**WHAT THE TASK ASKS**
The entries that follow must be written out exactly, without any of the pictures they contain.

**DATA**
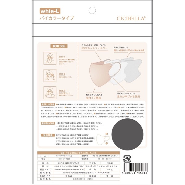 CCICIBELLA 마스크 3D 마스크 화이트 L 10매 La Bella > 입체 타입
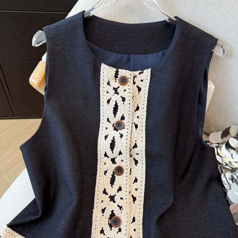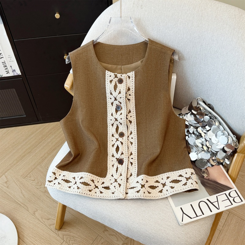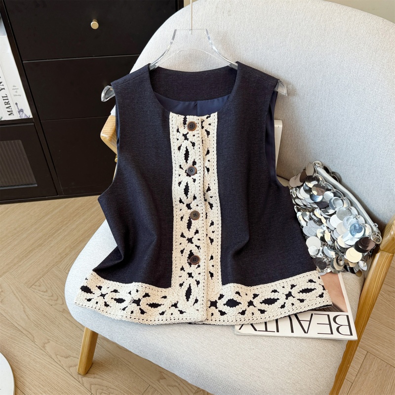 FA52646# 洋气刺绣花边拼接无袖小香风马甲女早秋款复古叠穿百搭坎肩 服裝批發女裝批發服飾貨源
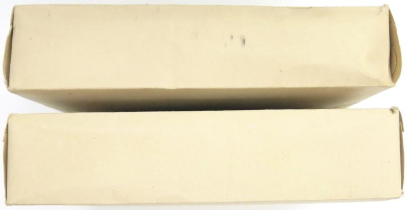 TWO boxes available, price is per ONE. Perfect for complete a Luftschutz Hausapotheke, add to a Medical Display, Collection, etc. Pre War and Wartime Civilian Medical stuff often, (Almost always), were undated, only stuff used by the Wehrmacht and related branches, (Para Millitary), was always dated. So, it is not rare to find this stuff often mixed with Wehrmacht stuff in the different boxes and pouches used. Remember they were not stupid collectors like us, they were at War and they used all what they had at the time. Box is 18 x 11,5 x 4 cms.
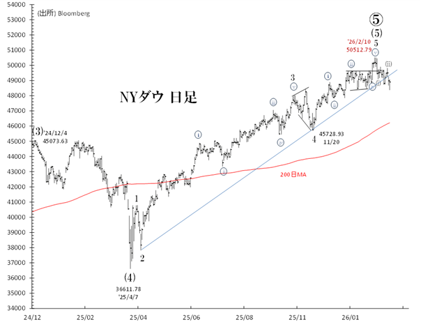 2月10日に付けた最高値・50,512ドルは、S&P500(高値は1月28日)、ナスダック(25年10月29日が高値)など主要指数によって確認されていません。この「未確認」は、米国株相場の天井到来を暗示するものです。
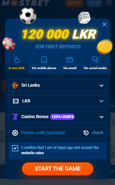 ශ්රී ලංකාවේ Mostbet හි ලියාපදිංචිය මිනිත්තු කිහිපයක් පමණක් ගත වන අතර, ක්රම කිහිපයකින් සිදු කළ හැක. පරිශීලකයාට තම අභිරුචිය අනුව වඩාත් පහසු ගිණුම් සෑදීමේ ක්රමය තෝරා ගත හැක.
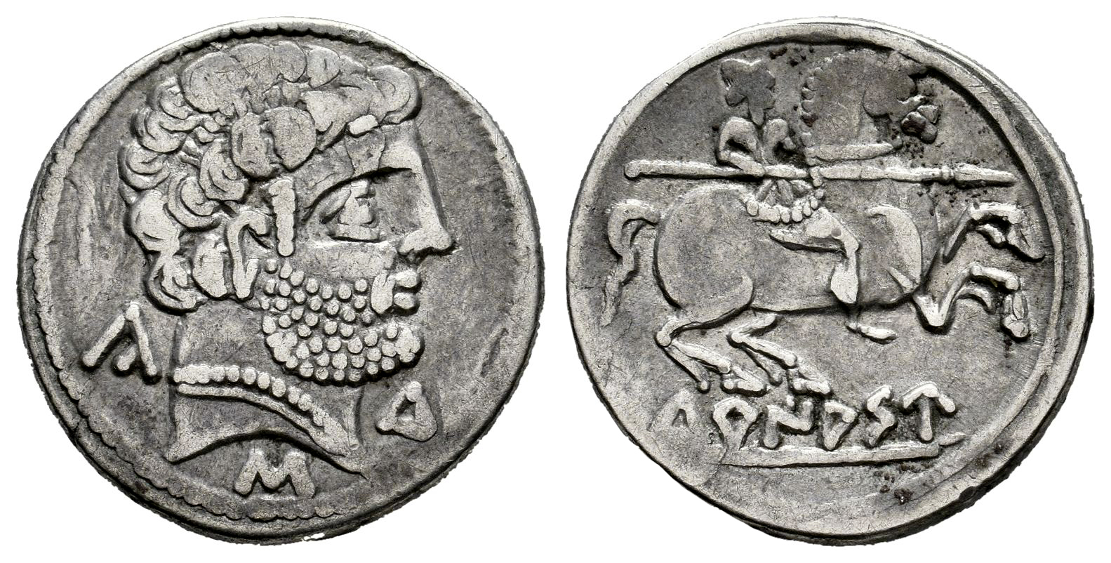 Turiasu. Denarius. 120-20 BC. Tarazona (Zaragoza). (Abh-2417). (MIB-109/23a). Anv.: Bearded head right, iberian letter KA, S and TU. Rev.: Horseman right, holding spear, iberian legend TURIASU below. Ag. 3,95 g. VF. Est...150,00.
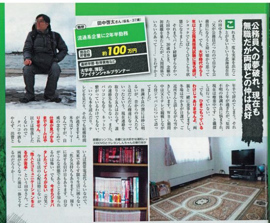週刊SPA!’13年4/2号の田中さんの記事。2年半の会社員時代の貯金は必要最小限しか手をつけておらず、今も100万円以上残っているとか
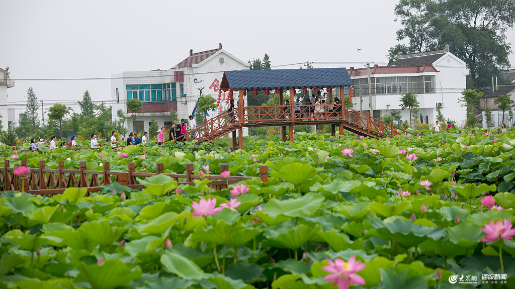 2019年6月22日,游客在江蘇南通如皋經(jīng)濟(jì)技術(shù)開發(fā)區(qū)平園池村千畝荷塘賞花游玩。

**RESPONSE AREA**
 CCICIBELLA 마스크 3D 마스크 화이트 L 10매 La Bella > 입체 타입
 FA52646# 洋气刺绣花边拼接无袖小香风马甲女早秋款复古叠穿百搭坎肩 服裝批發女裝批發服飾貨源
 TWO boxes available, price is per ONE. Perfect for complete a Luftschutz Hausapotheke, add to a Medical Display, Collection, etc. Pre War and Wartime Civilian Medical stuff often, (Almost always), were undated, only stuff used by the Wehrmacht and related branches, (Para Millitary), was always dated. So, it is not rare to find this stuff often mixed with Wehrmacht stuff in the different boxes and pouches used. Remember they were not stupid collectors like us, they were at War and they used all what they had at the time. Box is 18 x 11,5 x 4 cms.
 2月10日に付けた最高値・50,512ドルは、S&P500(高値は1月28日)、ナスダック(25年10月29日が高値)など主要指数によって確認されていません。この「未確認」は、米国株相場の天井到来を暗示するものです。
 ශ්රී ලංකාවේ Mostbet හි ලියාපදිංචිය මිනිත්තු කිහිපයක් පමණක් ගත වන අතර, ක්රම කිහිපයකින් සිදු කළ හැක. පරිශීලකයාට තම අභිරුචිය අනුව වඩාත් පහසු ගිණුම් සෑදීමේ ක්රමය තෝරා ගත හැක.
 Turiasu. Denarius. 120-20 BC. Tarazona (Zaragoza). (Abh-2417). (MIB-109/23a). Anv.: Bearded head right, iberian letter KA, S and TU. Rev.: Horseman right, holding spear, iberian legend TURIASU below. Ag. 3,95 g. VF. Est...150,00.
週刊SPA!’13年4/2号の田中さんの記事。2年半の会社員時代の貯金は必要最小限しか手をつけておらず、今も100万円以上残っているとか
 2019年6月22日,游客在江蘇南通如皋經(jīng)濟(jì)技術(shù)開發(fā)區(qū)平園池村千畝荷塘賞花游玩。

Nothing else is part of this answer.